Github’s rise as a source of exploit POCs in 2021

The WebRAT malware is now being distributed through GitHub repositories that claim to host proof-of-concept exploits for recently disclosed vulnerabilities. This presents an exciting test for our least talked about model - exploit identification.

The standard way threat intel teams and OSINT vendors use github as a source of exploits is to look for mentions of CVEs and correlate those repos as exploits. Sometimes there is manual review, but in this case that may be too late.

At Empirical we build a model, trained on expert judgement, that uses llms to classify code and builds a deterministic classical ML classifier on top of that data to determine if a repository is an exploit or not. The not case, if it works well, should take care of the Tojan Rat threat vector. Let’s see if it does.
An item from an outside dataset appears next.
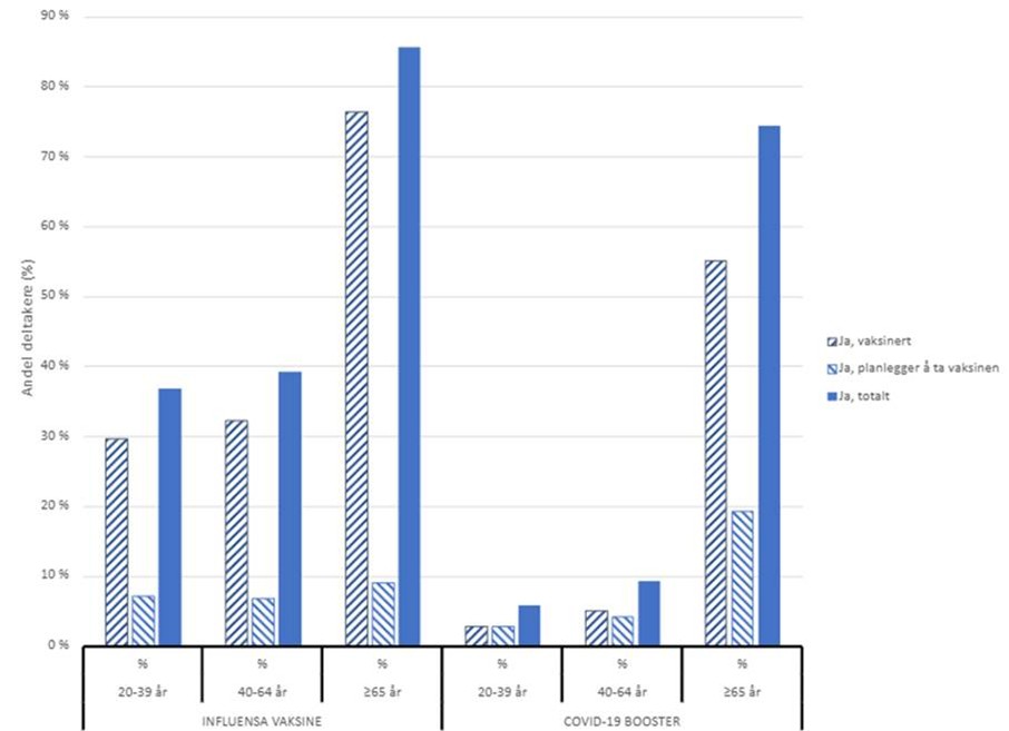 For influensavaksinen var hovedårsaker til vaksinasjon å unngå å bli syk, tilhøre en risikogruppe og å beskytte andre. En stor andel av friske voksne under 65 år tok også influensavaksinen, selv om de ikke var i målgruppen for vaksinasjonsanbefalingen. Det ser ut til at mange har benyttet seg av influensavaksinasjonstilbud på arbeidsplassen. Få var opptatt av pris for influensavaksinen, men andelen som var opptatt av pris var høyere blant unge voksne.

Due to the way the information is structured, Kaspersky believes that the text was generated using an artificial intelligence model. There are 15 CVEs which the threat actor is using to distribute the WebRAT malware. Let’s see how our model scores them in terms of probability of being an actual exploit:

Scoring of 15 WebRAT exploit spoofing attacks by Empirical’s ML model

None of them clear a 64% chance of being a POC, but that’s still pretty high. The key to our ML model is our threshold. We use .87 as a cutoff for adding something as an exploit repository to our dataset, meaning we bias very strongly towards precision. The reason is that this model doesn’t exist in isolation, it adds to an already giant repository of known exploit POCs. It is much riskier to add, say, a WebRAT malware than to track another POC that’s low probability.
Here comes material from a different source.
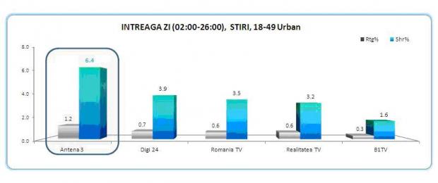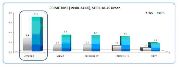 Ierarhia s-a mentinut si in prime time, unde, insa, diferenta de audienta a crescut in favoarea Antenei 3, care a inregistrat 2.8 puncte de rating si 7.3% market share, cifre mai mult decat duble fata de urmatorul clasat.

Here’s the full distribution of repos mentioning CVEs scored by our model, thanks to our data scientist Ian Joffe for the analysis:

Most CVE mentions on Github are not exploits

As a result of that high threshold, all 15 are below our ML model’s threshold and are tracked - but not labeled as exploits. Interestingly enough, this is an mild case of threat actors using AI to poison a legitimate workflow for defenders. A well trained ML system is already working to mitigate.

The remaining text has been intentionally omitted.